The Confucian-oriented Joseon society held intellectuals and academic learning in high esteem. From infancy the King would study diligently his entire life, as such he earned respect as not only a divine ruler but also an authoritative scholar. Academic achievement, and continuous learning is still highly regarded and respected within Korean society today.

Calligraphy of King Heonjong
Kings studied and produced calligraphy using Chinese characters, hanja. 

Writing materials, the brush, the ink stone, ink stick and paper were precious for Joseon scholars who nicknamed them the 'four friends of study'.


Boxes of bamboo sticks containing questions about Confucian texts, which the King's used to study.
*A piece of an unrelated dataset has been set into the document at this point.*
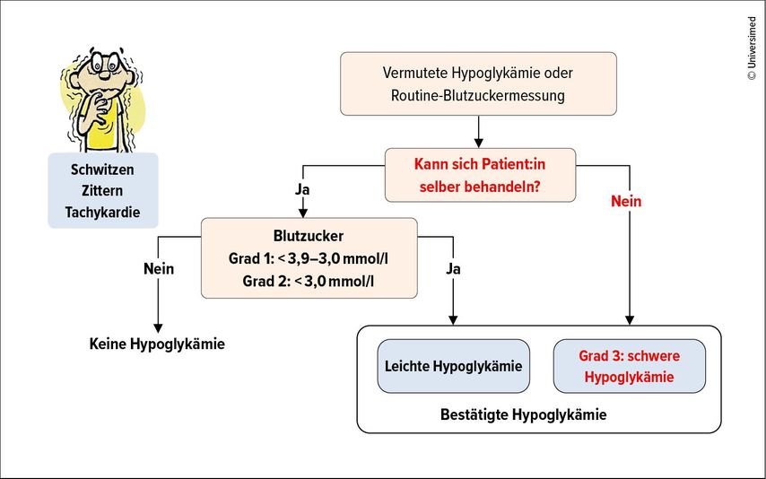 Von einer Hypoglykämie spricht man bei einem Blutzucker ≤3,9mmol/l (Grad 1: <3,9 und ≥3,1mmol/l; Grad 2: <3,0mmol/l). Eine schwere oder sogenannte Grad-3-Hypoglykämie liegt unabhängig vom Blutzuckerwert vor, wenn sich der/die Betroffene nicht mehr selber behandeln kann (Abb. 1).2,3
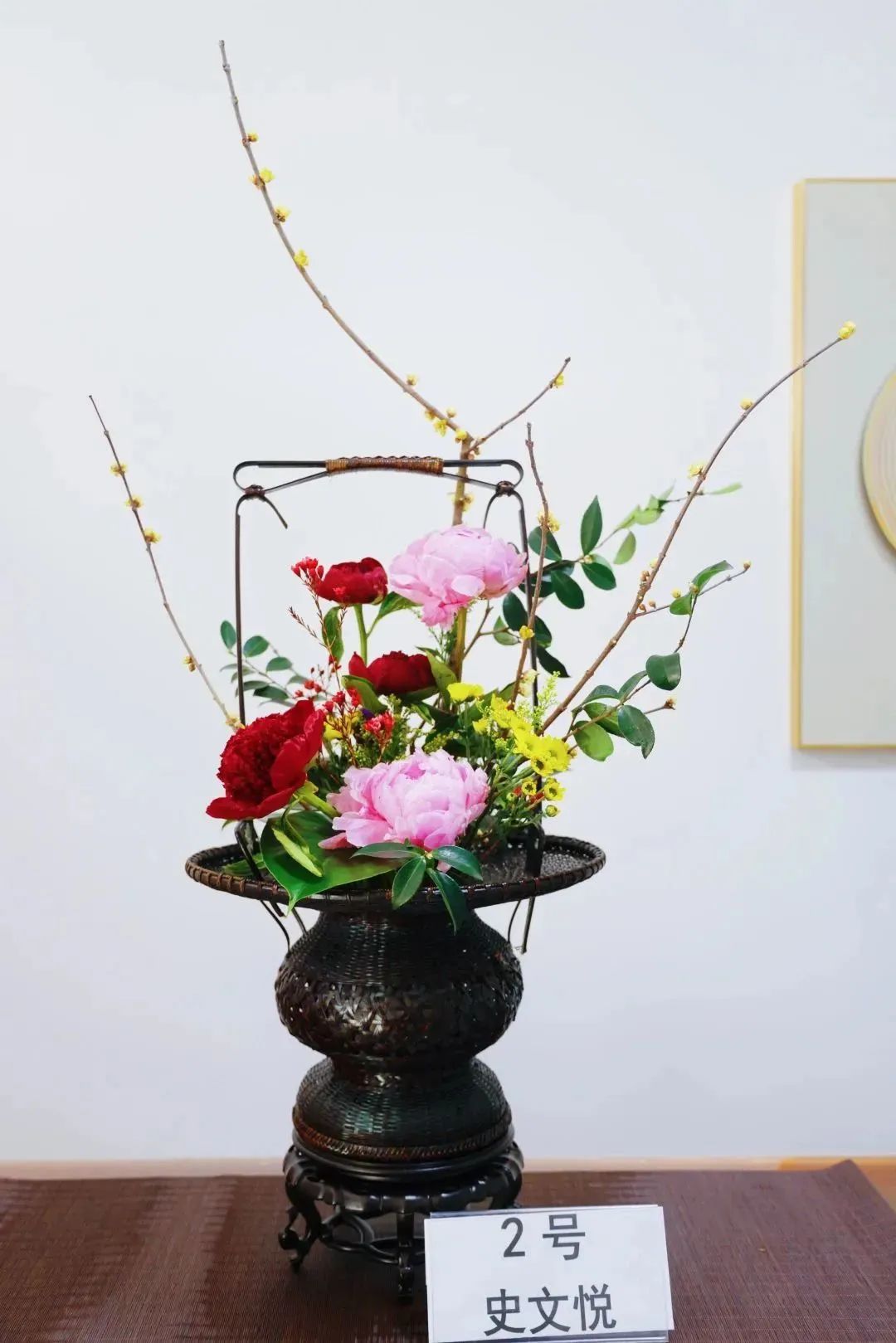 比赛中,史文悦老师充分发挥灵感与创意,按照插花艺术中的构图法则,高低错落,疏密有致,虚实呼应,匠心独运。以花为诗,奏上一曲冬季暖心曲。

King Sejong the Great (r. 1418-1450) created and implemented several successful advancements within the fields of culture and art. Under King Sejong's guidance, scholars at the royal academy created the Korean alphabet Hangeul, a "proper phonetic system to educate the people."

This book contains a collection of Royal caligraphy.

King Sejong also had an interest in astronomical science. Sundials, water clocks, celestial globes and astronomical maps were produced at his request.


Traditionally Koreans believed the placenta of a newborn baby needed to be carefully preserved to ensure the baby would grow up well and be happy. The placenta of a newborn prince or princess was put in a ceramic jar and buried in a stone chamber. 


Our Royal Calligraphy lesson.


Panbonche is the style that is taught to Korean's in elementary school when they first learn to write. 

During our calligraphy lesson we created our own royal scrolls and fans. 
My fan - fireworks or palm trees
I'm not terribly naturally artistically talented, but I loved, loved, loved the calligraphy session. Even though I was coming down with a cold, I found this extremely relaxing and therapeutic. Unfortunately it was a little rushed because we were running out of time, I really want to do more! It reminded me of being in Art class at school, holing myself up in a corner and happily painting/making a mess. 

My Royal calligraphy

Program 3: Food for the Royals



Cooking class
For our third session we prepared and cooked Royal bibimbap. 


Royal bibimbap is a little bit different/special from the usual bibimbap, which just contains vegetables and fruits. Royal bibimbap included beef mince and fish, although I opted to omit them from mine. I'm seriously considering becoming a vegetarian when I leave Korea. Personally, I've eaten enough meat here to last me a lifetime. 
Par-boil 
I was looking forward to learning how to make bibimbap, I thought it would be easy and something I could prepare at home. It's not difficult per-se, more fiddly and time consuming. We were given handouts with  ingredients and cooking instructions, but I'm afraid I seem to have misplaced it already.

My Royal Bibimbap 
Considering you mix it all together to eat it anyway, and bibimbap only costs 5-6000 won to buy in restaurants, personally I think I'll be continuing to do that. 
My Royal Bibimbap, all mixed up and ready to eat.
Tastes good.
Program 4: Attires for the King and the Queen

The final lecture covered traditional royal attire, including a dress-up session.

Triple pendants of the consort of Imperial Prince Yeong
Women's court ceremonial jacket and blue skirt of the consort of Imperial Prince Yeong.

Great ceremonial robe of of the consort of Imperial Prince Yeong.

Quilted socks for children, Joseon dynasty.

Daily wear for the young Prince.

Ceremonial robe for the young Prince.

Cloisonne enamel royal incense burner.

How to wear the Queen's ceremonial robe.
King and Queen's Royal attire.

When we finished the program, we were presented with beautiful certificates, that were stamped with the Royal seal to commemorate our successful completion, and participation in the course.